─── SUPPLIED INFORMATION

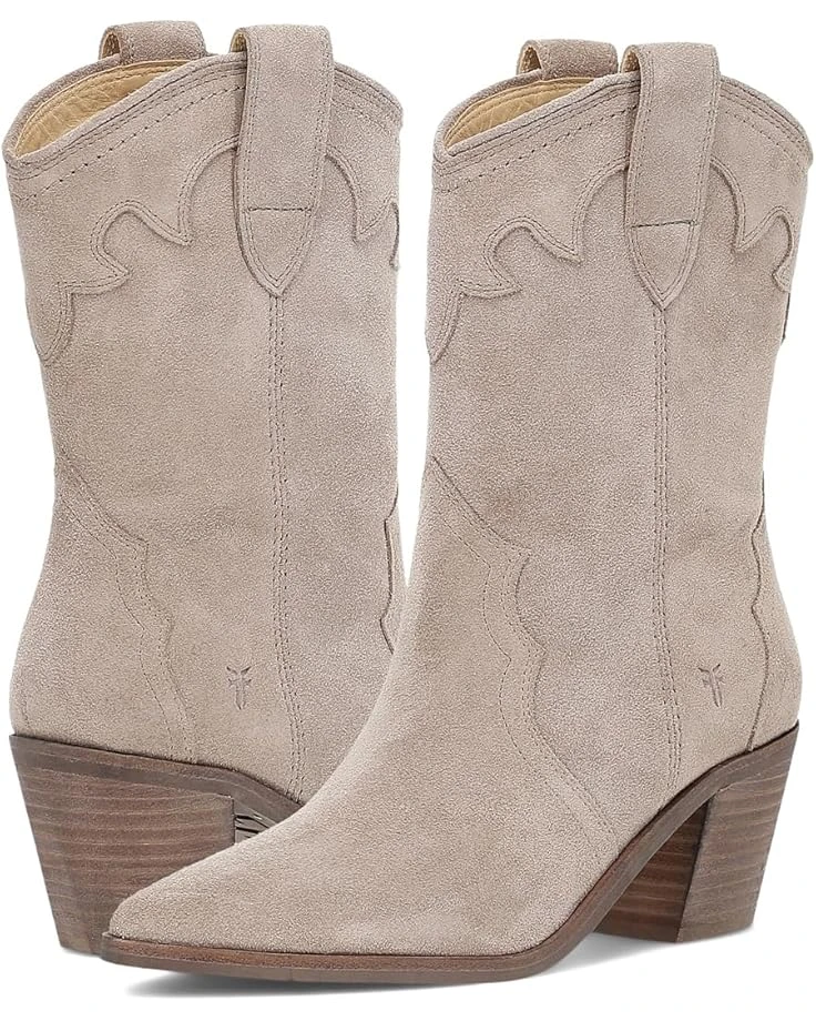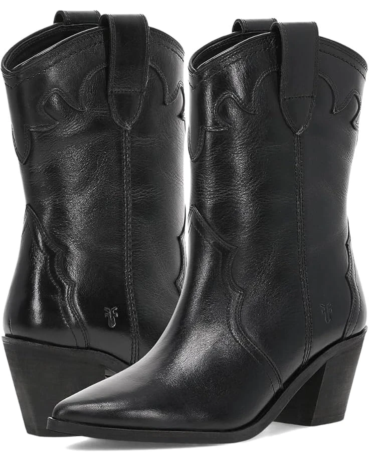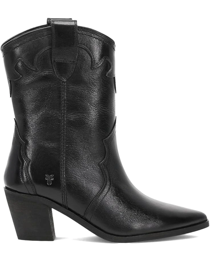 - Introducing the Frye® Sara Western Short Boots – Frye’s take on stylish ankle booties that effortlessly complement any outfit. Featuring a wrinkled metallic leather upper, these booties are built to last with cushioned, chunky block heels that provide all-day comfort. Made with a leather insole and lining, these calf-high western boots pair perfectly with cropped denim or flowing midi dresses.
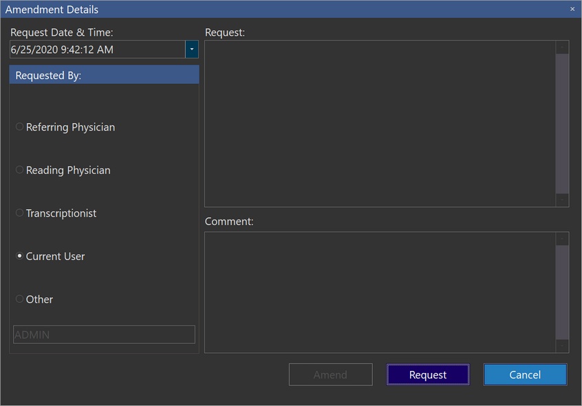 - The Amendment Details dialog box appears. Here the role of the user who is requesting the amendment is provided (current user selected by default), along with the amendment request (optional) & any comments (optional) that is required:
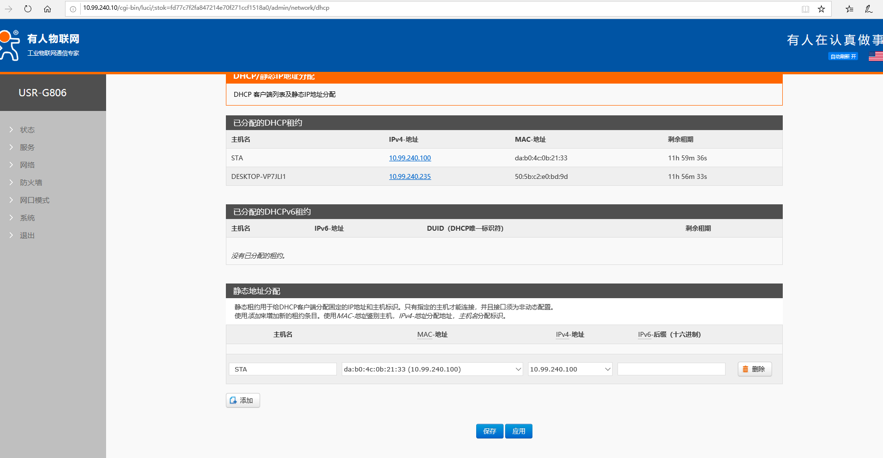 在ap路由器進入網(wǎng)絡(luò)----DHCP/DNS界面,設(shè)置mac綁定,為sta設(shè)備設(shè)定wwan口固定IP,比如10.99.240.100。設(shè)置完之后保存應(yīng)用,重啟設(shè)備
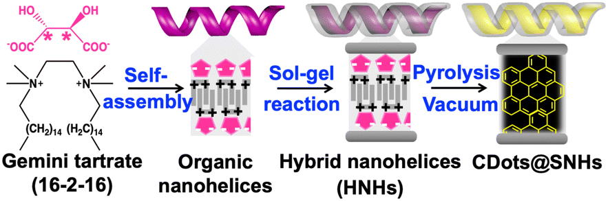 Self-organised helical bilayers of dicationic gemini surfactants confined in helical silica nanospace were transformed in situ to carbon dots (CDots) via pyrolysis. These water-dispersible CDots exhibit electronic absorption spanning the UV and visible range and possess symmetrical circular dichroism (CD) signals, the sign of which depends on the handedness of the helices.

──────

■ EXERCISE DIRECTIONS
Write out the data above exactly, minus any images.

■ EXERCISE SOLUTION
 - Introducing the Frye® Sara Western Short Boots – Frye’s take on stylish ankle booties that effortlessly complement any outfit. Featuring a wrinkled metallic leather upper, these booties are built to last with cushioned, chunky block heels that provide all-day comfort. Made with a leather insole and lining, these calf-high western boots pair perfectly with cropped denim or flowing midi dresses.
 - The Amendment Details dialog box appears. Here the role of the user who is requesting the amendment is provided (current user selected by default), along with the amendment request (optional) & any comments (optional) that is required:
 在ap路由器進入網(wǎng)絡(luò)----DHCP/DNS界面,設(shè)置mac綁定,為sta設(shè)備設(shè)定wwan口固定IP,比如10.99.240.100。設(shè)置完之后保存應(yīng)用,重啟設(shè)備
 Self-organised helical bilayers of dicationic gemini surfactants confined in helical silica nanospace were transformed in situ to carbon dots (CDots) via pyrolysis. These water-dispersible CDots exhibit electronic absorption spanning the UV and visible range and possess symmetrical circular dichroism (CD) signals, the sign of which depends on the handedness of the helices.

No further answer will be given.